Встревоженный, напуганный мальчик в черном опускается на корточки в коробке, виден теперь только его ядовито-зеленый парик. Слышны громкие звуки рвоты, приступ за приступом. Сзади из коробки выскакивает маленькая фигура, Симон тут же узнает Эль Перрито из их квартала. Сам не свой от радости Эль Перрито скачет по сцене, публика хохочет и ликует.
Взявшись за руки, актерская троица кланяется: Эль Перрито, мальчик в зеленом парике и Хоакин в венце с буквой «Д» на нем.
Все сценки показаны. Со сцены всё убирают. Арройо импровизирует на органе нежную мелодию. Публика затихает. Сыновья Арройо появляются в трико и балетках. Младший начинает знакомый танец Трех. Затем музыка усложняется, и старший мальчик берется танцевать Пять. Подчиняясь двум разным ритмам, они кружат вокруг друг друга.
Поверх ритмов Трех и Пяти орган вдруг дает еще один, поверх обоих. Поначалу у него, Симона, не получается определить этот ритм. Слишком много всего происходит в этой музыке, думает он про себя, уму не под силу уследить. И в Инес, и в людях вокруг он чует ту же растерянность.
Двое мальчиков Арройо продолжают свои изящные па, кружат и кружат, но радиус их движения расширяется, пока центр сцены не пустеет. Музыка тоже упрощается. Сперва отпадает ритм Пяти, затем ритм Трех. Остается лишь Семь. Он сколько-то длится. Публика расслабляется. Музыка стихает, умолкает. Мальчики замерли, головы опущены. Свет гаснет, сцена во тьме, танец окончен.
Концерт завершается выступлением самого Арройо на скрипке. Без особого успеха. Публике неймется, она взбудоражена, а улавливать эту музыку, тихую, задумчивую, не так-то просто: как беспокойная птица, она словно бы не может решить, на чем упокоиться. Когда пьеса приближается к концу, звучат аплодисменты, но в них Симон улавливает немалое облегчение.

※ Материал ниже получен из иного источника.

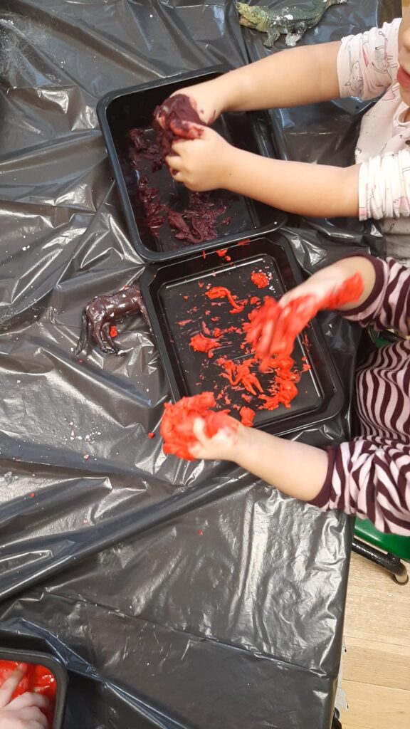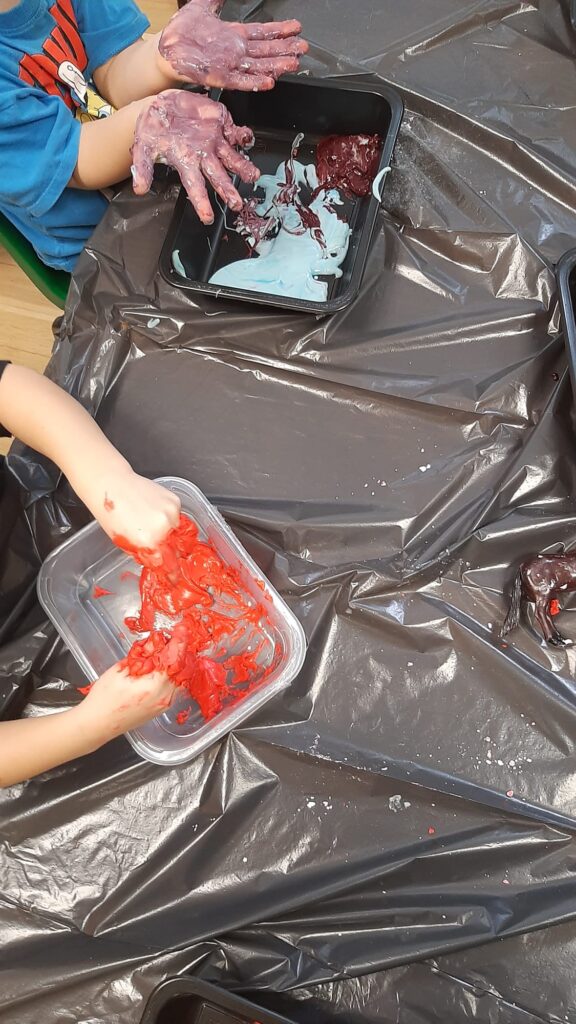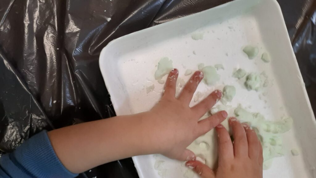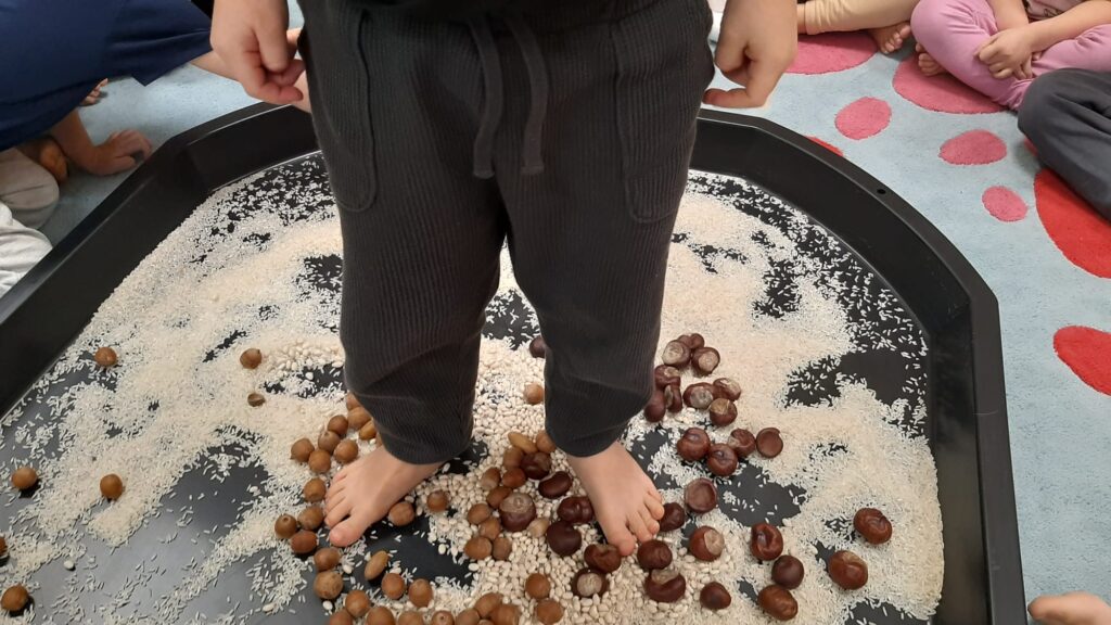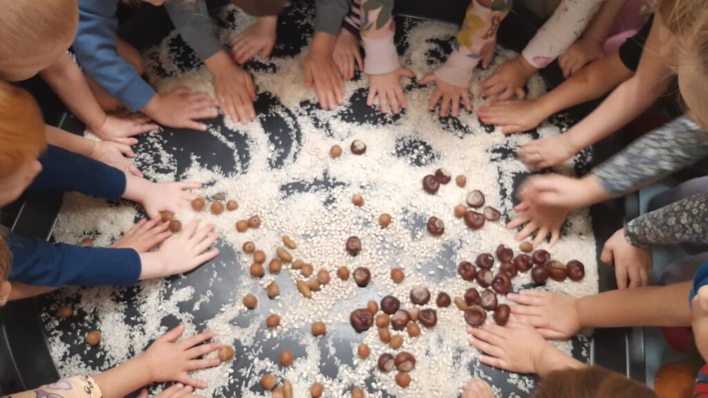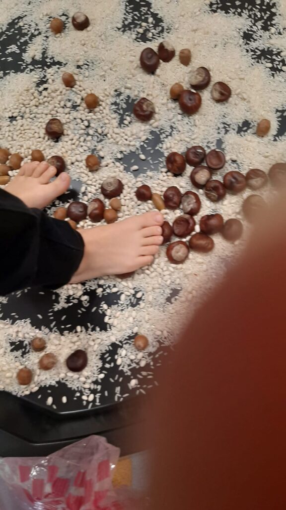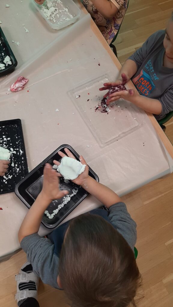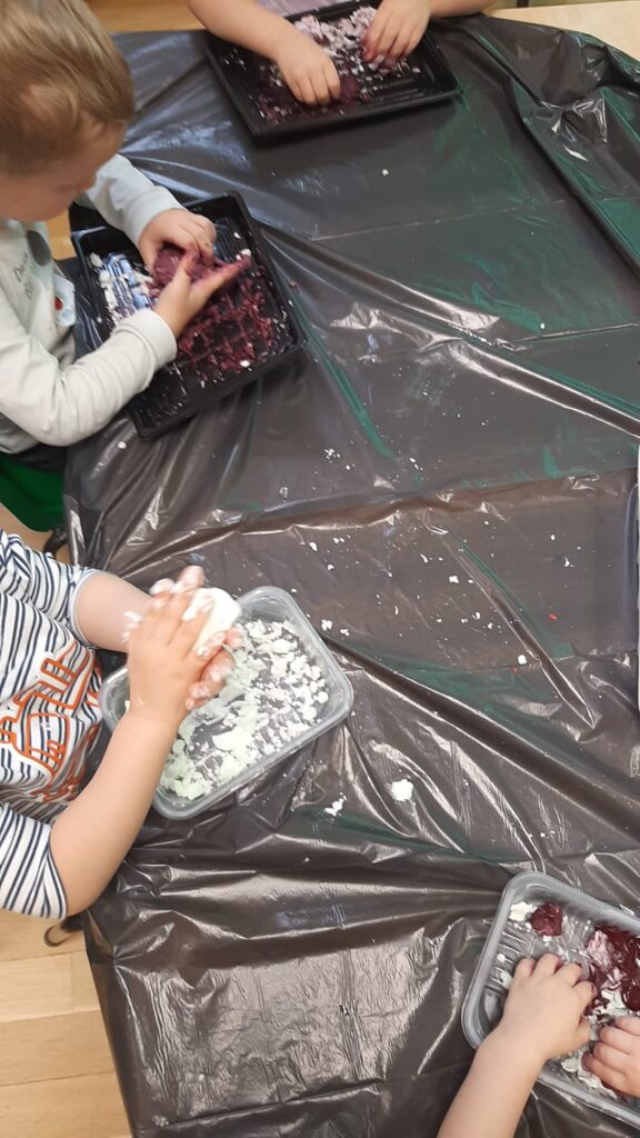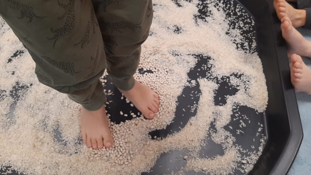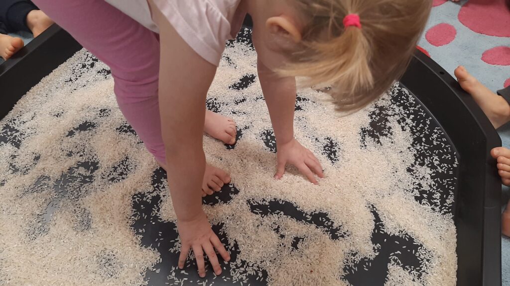 Podczas czwartkowych zajęć dzieci miały okazję doświadczyć różnych faktur i oporów- od miękkiej mydloliny( mąka ziemniaczana, mydło w płynie i barwnik spożywczy) przez sypki ryż, fasolę, materiał przyrodniczy.
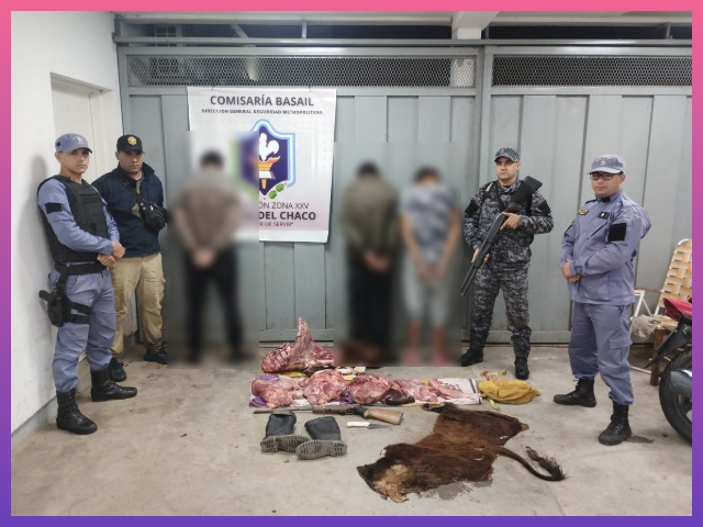 Durante la requisa, se constató que las bolsas contenían aproximadamente 40 kilos de carne vacuna. Además, se secuestró un rifle tipo carabina calibre .22 sin marca visible ni número de serie, con un cartucho del mismo calibre, y un cuchillo de unos 30 centímetros y su correspondiente vaina. Los demorados no pudieron acreditar la procedencia del producto cárnico.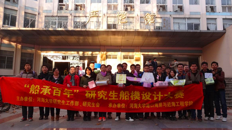 2014年12月8日下午,由毛巾哥 研究生会主办,港口航道与近海工程学院研究生会承办的“金水节”系列活动之“船承百年”研究生船模设计大赛如期在闻天馆204及水电院实验室举行。出席本次大赛的有港航学院副书记姜海霞老师、港航学院辅导员林凡老师和校研会副主席孔凡同学,同时大赛吸引了众多同学前来参加。

Родители подходят к ним с Инес.
– До чего прекрасный концерт!.. Как трогательно!.. Какая утрата!.. Мы вам сочувствуем… Какой он был милый ребенок!.. И до чего хороши, до чего талантливы сыновья Арройо!..

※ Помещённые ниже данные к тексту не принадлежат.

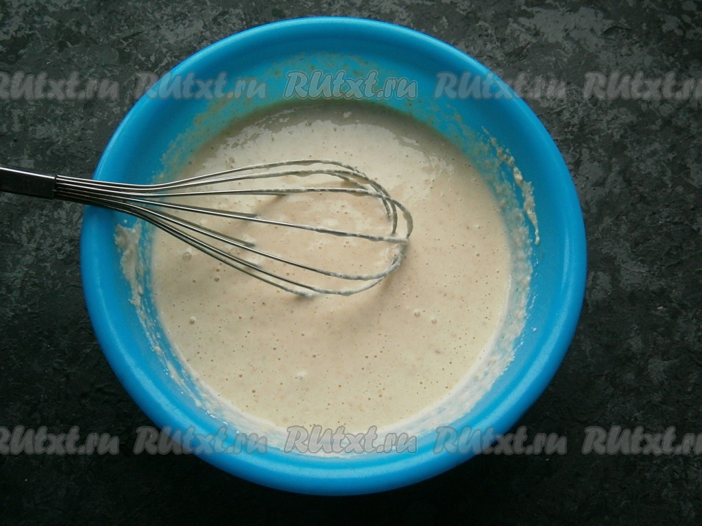 Далее добавить сырые яйца, соду, сахар, влить растительное масло, перемешать венчиком. Тесто получится не жидким, но и не густым.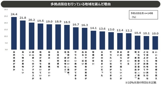 多拠点居住を行っている地域を選んだ理由について、「自然資源が豊か(24.4%)」「食べ物が美味しい(21.8%)」「都心部へのアクセスがいい(20.2%)」といった、“地域の魅力”に関する項目が理由として多くあがっている。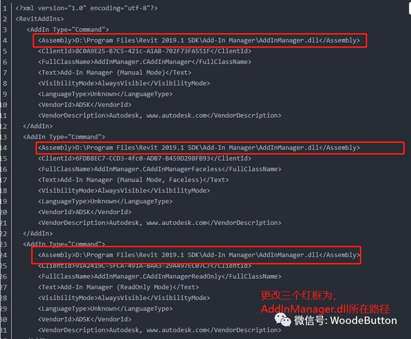 1.打开Autodesk.AddInManager.addin文件,更改成你的AddInManager.dll文件所在路径。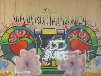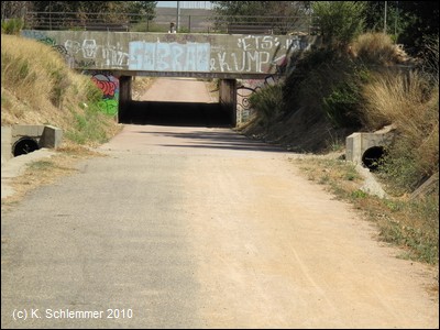 Wir sind nun an der aktuellen Bahnstrecke angekommen, der Weg macht eine Kurve Richtung Norden. Das Graffiti an einer Brücke erinnert an die Vía Verde.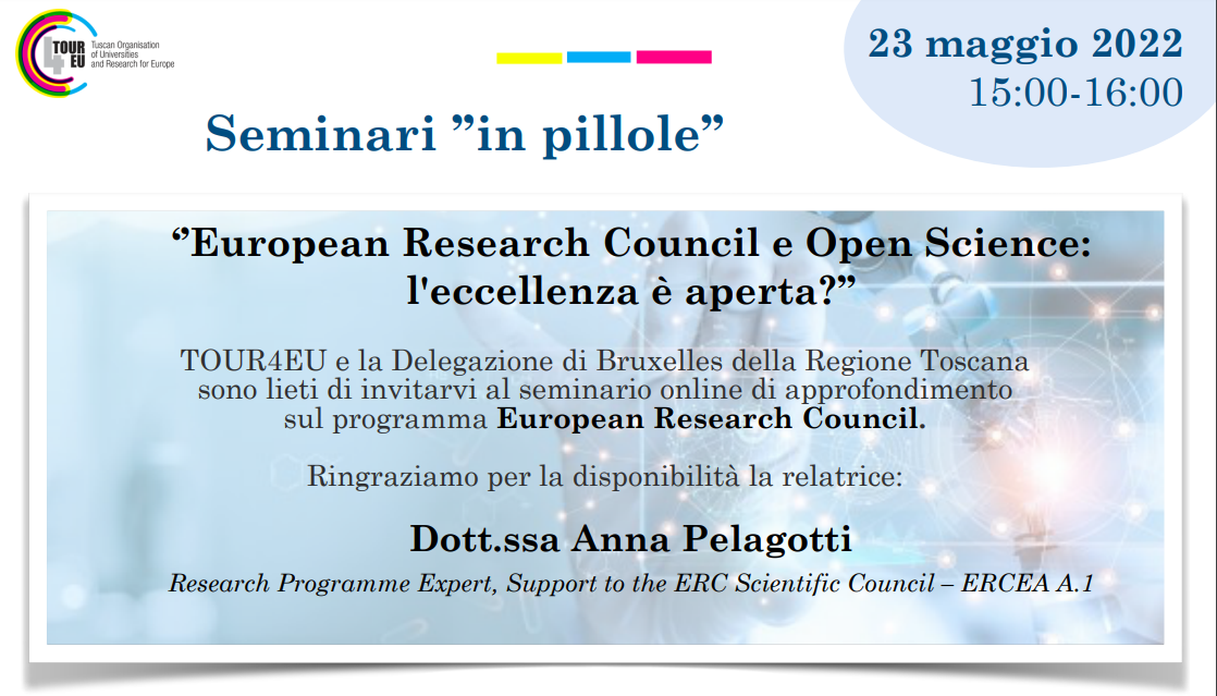[Info-tecnici-ricerca] TOUR4EU incontra...Open science and ERC - Dott.ssa Anna Pelagotti, 23 maggio ore 15 - Invito per 14 ricercatori UNISI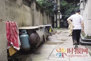 7月5日,重庆时报记者来到该小区,小区共有5栋楼,液化气罐就放在小区围墙附近,这里是居民进出的主要通道,放上气罐,通道只剩大约2米宽。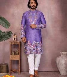 Purple khadi cotton kurta pyjama for men | designer sequence & neck embroidery set | festive wear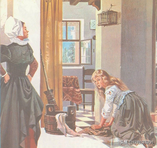 小女孩的后母外表美丽,内心却很丑陋,她脱掉了小女孩漂亮的衣裳,给她换上了灰色的旧外套,把她当做佣人使唤,不干活就不给面包吃。小女孩每天担水、生火、做饭、洗衣,还要被后母的两个女儿讥讽嘲弄和折磨,比佣人还不如。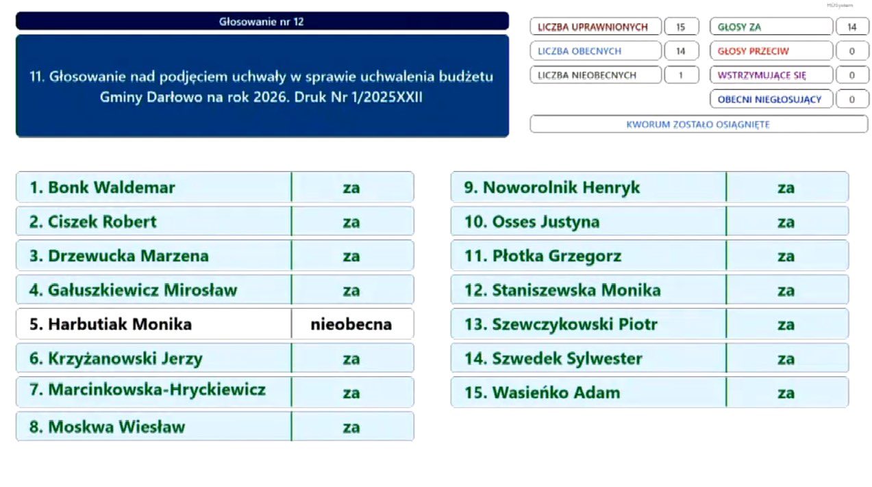 – Dziękuję Radzie Gminy Darłowo za uchwalenie budżetu na 2026 rok oraz Pani Skarbnik za rzetelne i profesjonalne przygotowanie tego dokumentu. To efekt dobrej współpracy i odpowiedzialnego podejścia do finansów gminy – dodaje wójt.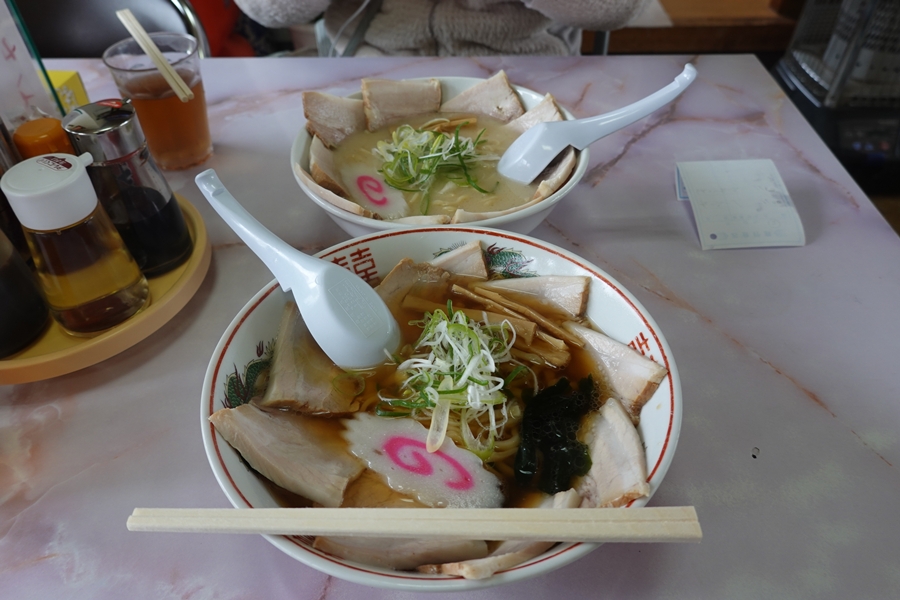 帰宅途中、喜多方で昼食。 妻は喜多方ラーメンぽくないとんこつ味。 |

Тронутый добротой слов, добротой жестов, он ощущает в себе порыв выйти на сцену и излить душу. Дорогие родители, дорогие дети, дорогой сеньор Арройо, – хочется ему сказать, – этот день незабываем. Мама Давида и я сам унесем нетленные воспоминания о сердечной теплоте, с какой нашего сына опекали в этих стенах. Да здравствует Академия! Но передумывает, придерживает язык, ждет, пока публика разойдется.
Арройо стоит в дверях, пожимает руки, совершенно серьезно принимает благодарности. Он, Симон, и Инес – последние в очереди.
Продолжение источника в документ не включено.